Poornima Ramesh, who finished her dissertation in Tubingen in December 2022, has a clear vision for her future career: “I want to work on exciting and challenging machine learning problems that are meaningful and that have a real impact on people’s lives.” Her choice to fulfil that goal was to join IDinsight, an organization that uses a wide range of data and evidence tools to support development sector decision makers across a wide range of sectors, including agriculture, education, health, governance, sanitation, and financial inclusion. During a video call, Poornima talked about prevalent challenges in countries like Kenya and India, such as remote geographical regions, poverty, heat and drought, and educational opportunities that are difficult to access.

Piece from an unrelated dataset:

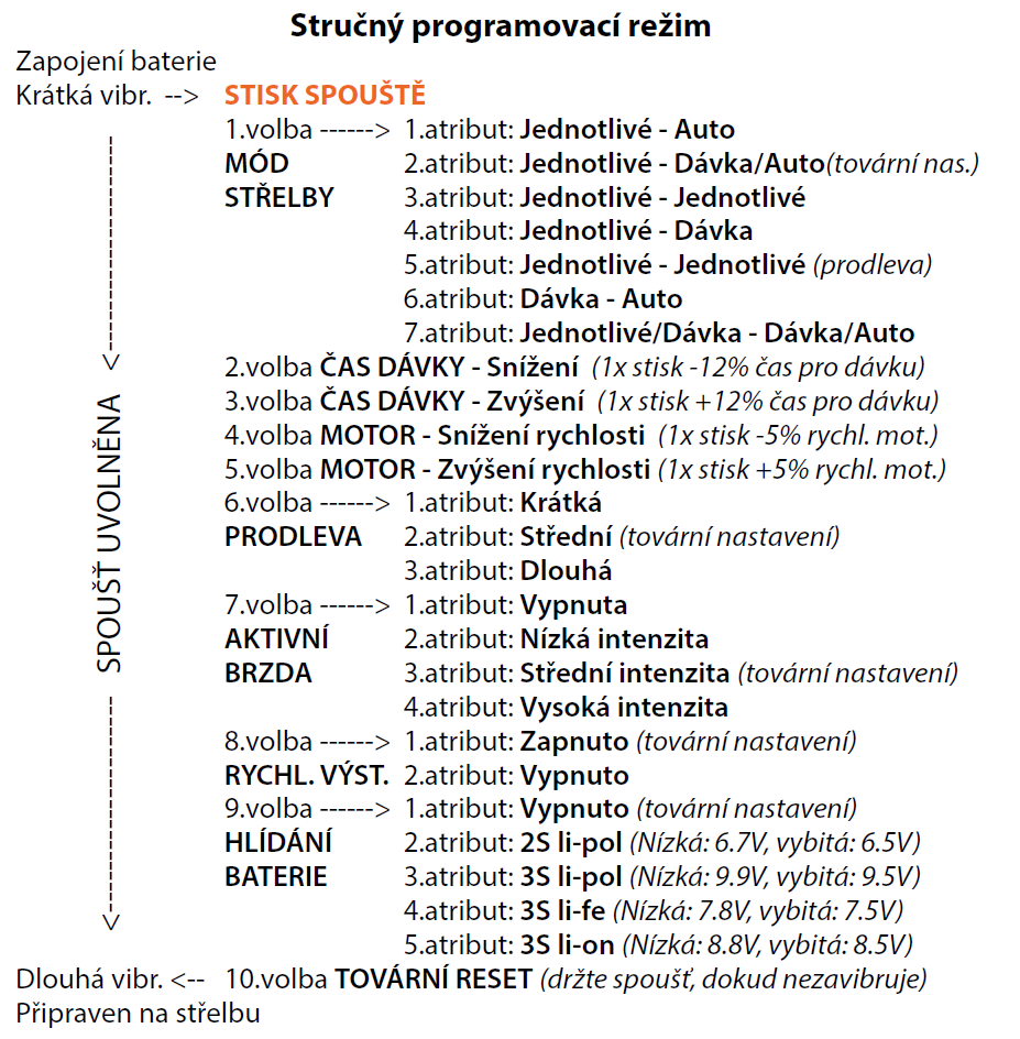 Za pár dní bude zahájena sériová výroba Procesorovky – V2. Nyní vám představuji její finální předprodejní variantu, která je shodná se sériovým výrobkem (bude pouze barevně odlišný). Procesorovka – V2 se pouze vloží do mechaboxu V2 místo původních spoušťových kontaktů (ve zbraních M4,M16,MP5, G3,SR25,….). Žádná další úprava mechaboxu není potřeba. Mechanické zajištění na SAVE je zachováno. Z důvodu takto jednoduché instalace se píst zastavuje při přepínači v poloze „AUTO“ v libovolné poloze (jako u běžné AEG). Omezení použití je do pružiny M160 a kadence 25 kuliček/s. Programově je zařízení shodné jako nyní prodávané procesorovky s následujícími přidanými funkcemi: -Není časová prodleva mezi dávkou a automatické střelbě (mód střelby 2), krátké zmáčknutí spouště znamená dávku, dlouhý stisk je automatická střelba -Nová funkce střelby: přepínač na SEMI = Jednotlivé/Dávka, přepínač na AUTO = Dávka/Auto -Aktivní brzda: vypnuta, nízká, střední a vysoká intenzita brždění. Vyšší síla brždění je vhodná pro zbraně s vysokou kadencí. Nižší naopak šetří komutátor motoru. Více fotek je na JeffTron facebooku: https://www.facebook.com/media/set/?set ... 717&type=1Návod na pro tuto procesorovku s vypisem a vysvětlením všech funkcí je zde: http://www.jefftron.cz/soubory/navod_pr ... ototyp.pdfvideo s funkcemi nyní prodávané procesorovky (kompletně přejímá prezentovaná Procesorovka – V2): https://www.youtube.com/watch?feature=p ... Msz-qAnqAUVývoj tohoto zařízení trval více jak rok a nedávno byly náročně testovány prototypy u 3 lidí. Všechny zařízení ustály testy bez poruchy i na pružine M160 s lipol 11.1V cca 150 ran najednou. Na základě jejich zpětné vazby byl vyvinut tento finální prototyp. Předpokládaná cena za tuto Procesorovku – V2: Samostatné zařízení 1250 Kč s DPH Zařízení s univerzální kabeláží 1500 Kč s DPH Uvedení na trhu v dubnu 2015

Ramesh grew up in Chennai, a city of 9 million people in south-eastern India. The 27-year-old knows from personal experience how important a good education is. She comes from an educated family – her mother is a translator, her father an insurance officer. Millions of other children on the subcontinent, however, have little to no access to schooling. “The pandemic made the situation even worse, because schools were closed due to the risk of infection, but then didn’t open up again when Corona was over,” she says. And there are countless other reasons why girls, in particular, are often denied schooling: too few schools in rural areas, parents in poverty, early marriages.
Empowering children to learn with data science
At first glance, children’s educational opportunities appear to have nothing to do with Ramesh’s professional passion, machine learning. But machine learning can be applied in a wide variety of settings. During a three-month internship at IDinsight in India, Ramesh helped the team to analyse a number of different data sets to calculate where children in rural areas are at an increased risk of being excluded from schooling. Out of 200 girls in a village, for example, do only 20 go to school? Is the school simply not being attended, even though there is still capacity for more students?

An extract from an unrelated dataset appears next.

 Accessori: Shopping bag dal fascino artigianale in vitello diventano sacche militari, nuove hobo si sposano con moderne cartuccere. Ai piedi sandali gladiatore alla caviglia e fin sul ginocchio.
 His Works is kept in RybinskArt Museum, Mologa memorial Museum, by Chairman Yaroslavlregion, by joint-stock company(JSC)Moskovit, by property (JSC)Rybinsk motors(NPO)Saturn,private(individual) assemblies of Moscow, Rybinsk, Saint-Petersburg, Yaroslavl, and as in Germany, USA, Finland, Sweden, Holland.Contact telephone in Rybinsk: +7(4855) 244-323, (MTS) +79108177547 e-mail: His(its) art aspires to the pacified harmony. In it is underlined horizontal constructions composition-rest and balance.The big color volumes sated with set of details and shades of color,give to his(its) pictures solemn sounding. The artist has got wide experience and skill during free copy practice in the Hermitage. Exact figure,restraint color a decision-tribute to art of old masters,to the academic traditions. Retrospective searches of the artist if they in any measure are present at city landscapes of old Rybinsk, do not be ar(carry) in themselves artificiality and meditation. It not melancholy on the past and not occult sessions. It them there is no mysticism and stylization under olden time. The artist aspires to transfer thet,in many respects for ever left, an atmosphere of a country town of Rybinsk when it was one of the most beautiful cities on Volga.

“Data science can help an aid organization identify the reasons and work with the state to take corrective action,” says Ramesh. “Often there are very simple reasons that prevent children from attending school: for example, is there no safe route to school or is the school too far away? Is there a lack of toilets or lighted streets?” The researchers at IDinsight use their machine learning skills to filter out these underlying causes from the data.
Ramesh spent five years developing her knowledge in Prof. Dr. Jakob Macke’s lab at the University of Tübingen. The goal of Macke’s Lab is to accelerate scientific discoveries through the application of machine learning. The group aims to develop computational methods that can help scientists use their data to improve theoretical models. “To that end, we collaborate with experimental researchers from a wide array of disciplines,” Ramesh says.

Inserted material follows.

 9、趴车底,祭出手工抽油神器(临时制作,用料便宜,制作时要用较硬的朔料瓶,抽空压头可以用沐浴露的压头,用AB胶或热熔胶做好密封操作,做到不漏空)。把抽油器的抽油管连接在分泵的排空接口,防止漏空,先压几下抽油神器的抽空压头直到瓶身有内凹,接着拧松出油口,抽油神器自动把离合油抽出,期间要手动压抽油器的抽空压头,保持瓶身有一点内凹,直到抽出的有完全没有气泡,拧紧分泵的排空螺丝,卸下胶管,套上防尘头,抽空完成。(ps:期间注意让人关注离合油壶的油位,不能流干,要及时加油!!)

Ramesh’s research explored a number of different questions. In one example, she helped develop an algorithm that can trace the surface and structure of the ocean floor based on wave motion. “It might become one puzzle piece in predicting tsunamis,” she says. Having a better knowledge of the ocean floor allows for better calculations of the behaviour of giant waves: where will they encounter resistance? Where are they accelerated and amplified? Which coastlines will the waves hit at full force? On another project, Ramesh investigated how the brain processes visual stimuli.
A desire for meaning
Ramesh learned an incredible amount in Tübingen, researching and teaching and writing her doctoral thesis. Her experiences there have made her into the scientist she is today. “I felt very happy there and made many friends,” she says. But she always felt there was something she couldn’t quite satisfy with her work here – her desire to make a meaningful contribution. “Despite enjoying the day-to-day work in science, I still sometimes had the feeling that at university, it’s about who publishes the most papers and who publishes in which journal.” This feeling became even stronger during the Corona-Lockdown, as she sat for weeks alone at her computer watching the effects of the pandemic play out in structurally weaker countries such as India. She became preoccupied with the question of whether, “what I’m doing in here [is] really helping people out there?” And it became increasingly clear that she couldn’t answer that question with a resounding “Yes!”, at least not to the full extent that she desired.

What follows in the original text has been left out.